Attorneys Africa@25

IN DUPLUM RULE IN KENYA

  1. What is the in duplum rule
  • The Latin expression “in duplum” comes from the term “in duplo,” which means “in twofold.”
  • The Roman Dutch law is where the principle first appeared. In essence, it states that once the balance of unpaid interest and capital is equal, interest no longer accrues.
  • It is a well-established principle in the legal system that interest, whether simple or compound, ceases to accrue on any amount of capital owing once the accrued interest equals the amount of capital outstanding, whether the debt arises as a result of a financial loan or any contract under which a capital sum is payable together with interest at a fixed rate.
  • The in duplum principle was the most important development brought to the banking industry in 2006 as a response to the interest rate difficulties. The Banking Act’s Section 44 A was changed and implemented to include the in duplum rule in the Banking sector.
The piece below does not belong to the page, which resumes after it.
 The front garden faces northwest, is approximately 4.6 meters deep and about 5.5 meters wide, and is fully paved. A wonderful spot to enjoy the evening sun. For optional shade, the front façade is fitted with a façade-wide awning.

2. Justification and Purpose.

  • The rule is intended to enforce financial discipline on the creditors and safeguard debtors from being exploited by creditors who make them pay unregulated fees.
  • One must go through the numerous situations in Kenya where the amount of interest that borrowers have been saddled with by the lenders in the event of default in order to better comprehend the public policy motivation for this legislation.
  • In Pelican Investment Ltd v. National Bank of Kenya Ltd [2000]2 EA 488, it was claimed that a debt of Kenya Shillings 10 Million had increased by more than thirty times to Kenya Shillings 316 Million, making it the most bizarre, unconscionable, and extortionist of all!

3. Current Development on the Principle.

  • In Anne J. Mugure & 2 Others vs Higher Education Loans Board (2022) EKLR   Honourable Justice Mabeya held as follows:

“From the foregoing, the Court of Appeal was alive to the fact that the rule was concerned with public interest. In my view, the rule was introduced in our Laws to tame the appetite of Lenders who had made recovery of interest on advances a cash cow. Simply put, the Legislature was expressing its displeasure with lenders who left amounts of advances to go over the roof due to interest before pouncing on the hapless borrowers. “

  • The Implication of this Judgement is that the decision is essentially a judicial safeguard against lenders for customers. This is due to the fact that a sizable portion of Kenyans borrow money from financial institutions other than banks, such as shylocks, online lenders, and microfinance organizations, which operate heedlessly in order to harvest unconscionable maximum earnings. There is agreement, according to many publications, including those of the Central Bank, that Kenya’s new “shylock” economy is on the rise. This is demonstrated by the Central Bank’s efforts to regulate digital lenders, which led to the Central Bank of Kenya (Digital Credit Providers) Regulations, 2021.